FutoMaki

maki2

When Josh and I moved into our first apartment together we knew right away that we would like the companionship of a cat. We had both grown up with animals in our family’s so it felt like the most natural thing to do. Animals always make a house feel like home and we were prepared for the commitment we were about to make. Being partial to tabbies I looked around and found the perfect little guy in a veterinary clinic around the corner. We brought him home in a cardboard box and he was so happy to get out and explore the new surroundings. After mulling over a few good names Josh suggested Maki and I agreed it was a great name (It comes from the Japanese Maki sushi rolls). We absolutely adored our new family member and he provided us with unlimited amounts of love and amusement.

Maki grew quickly from a tiny little kitten into a beautiful strong healthy solid cat. His nickname became FutoMaki (big roll) and we just loved him more and more every day. Once he was old enough and had been neutered we introduced him to a new world outside. He was in his element. After that first year we moved to our current house with a much nicer back yard where he could spend his days chasing bugs and cooling off under the lilies. Sometimes we thought he might be lonely, so we gave him the companionship of a little sister (Nori). It’s funny how animals just blend right in and become one of our own. It is hard to remember or even imagine what life was like before they joined you. They truly make your life fuller, much like human children but in a more mutual way, if that makes sense.

When animals come into our lives we are fully aware that their lives might be about 1/6 (if we and they are lucky) of ours. We know that we will inevitably see them pass, but those facts never prepare us for the eventuality.

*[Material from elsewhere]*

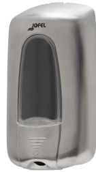
AC74000 8427950375897 Edelstahl, satiniert

Until two months ago Maki had been an extremely healthy cat. He had developed what we believed was a urinary tract infection. He was hospitalized, treated and cared for at home to what we thought was a full recovery. Back to his normal ways, a little thinner but seemingly healthy none the less. Last Tuesday he failed to show up for his midnight call to come in (he had never spent the night outside) this was unusual and even more so when there was no sign of him the following morning. On Wednesday afternoon Frances and I finally found him looking ill in the back garden. A visit to the vet could find no sign of trauma or a recurrence of a urinary infection. We brought him home to wait and see with plans to return on Friday. With no change and an obviously sick cat blood tests were ordered. We will never know what or how it happened but the results revealed serious and chronic kidney distress. The prognosis was not good and we were left with an extremely sad option. The only option to relieve our sweet boy from the pain he was very obviously in.

On Friday night Josh and I said goodbye to our dear friend. We stroked his soft fir and lulled him into a deep peaceful sleep as he heard us tell him for the final time he was our boy and we loved him.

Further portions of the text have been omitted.